As surreal in its own way as the faux talk-show that became a viral sensation on its way to the big screen, Between Two Ferns: The Movie defies description. On the surface, the Netflix film may seem like an unnecessary expansion of a bite-sized idea, a post-modern version of the kinds of movies churned out in the 1990s based on Saturday Night Live sketches. But that post-modern sensibility means that even the streaming film’s shoestring plot is itself a deadpan gag, one more part of the Mobius strip of ultra-dry humor that star Zach Galifianakis and writer/director Scott Aukerman are known for. This movie won’t land on everyone’s wavelength, but for those who fit its style, it’s a delight.

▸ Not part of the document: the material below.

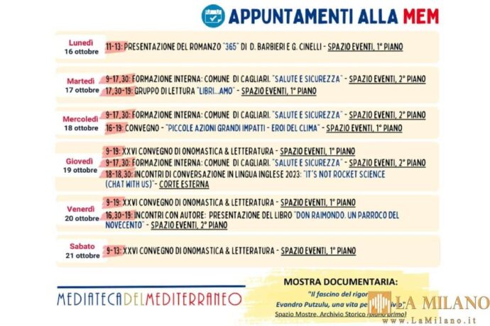 Cagliari, tutti appuntamenti alla MEM dal 16 al 21 ottobre 2023. #MEM #eventi #cagliari #sardegna …CONTINUA A LEGGERE

For the uninitiated (though the more uninitiated you are, the more alienating this all might seem), Between Two Ferns was first the name of a talk-show-ish sketch on the comedy website Funny or Die. Galifianakis (who first started the sketch before his breakout role in The Hangover), adopted the role of the most disinterested, insulting host possible when interviewing everyone from Will Ferrell to Bruce Willis to former President Barack Obama. The setup for the film is that Galifianakis is being filmed by a documentary crew about the show, while being tasked by Ferrell (playing himself) to film 10 new episodes in two weeks. The prize at the end of this round-the-clock work? Galifianakis’ own network talk show. So he takes his own small film crew on the road to interact with a lot of A-Listers on his way to stardom.
Clocking in at just 82 minutes, Between Two Ferns: The Movie smartly doesn’t wear out its welcome. The plot mechanics are thin at best (considering the pre-title scene, in which the first of many celebrities we see is nearly killed by a flooded plumbing system, best not to ponder them too deeply). But the new interviews, which constitute a good portion of the film, are incredibly funny. A handful of celebs only show up briefly, within the faux-documentary portion as they enter or exit the public-access network where the film version of Galifianakis shoots his show. But actors like Matthew McConaughey, Paul Rudd, Jon Hamm, Brie Larson, and Keanu Reeves show up for slightly longer stretches, in which they gamely glower at Galifianakis’ always cutting remarks. (His jabs at Reeves, in an interview in the first portion of the film, are particularly funny as the action star hits a second-stage comeback of his career.)
The sections of the movie that surround the interview aren’t as flashy, and feel a bit shakier when focusing more on the character interactions between Galifianakis and his crew than on the inside-baseball humor about talk shows. (When Galifianakis demands his talk show, he states to Ferrell, “I’m a white man and I’m straight, I deserve it.”) The primary joy for any fans of alternative comedy is getting to see skilled improvisers like Ryan Gaul and Lauren Lapkus in major supporting roles as a grouchy cameraman and Galifianakis’ producer/assistant, respectively.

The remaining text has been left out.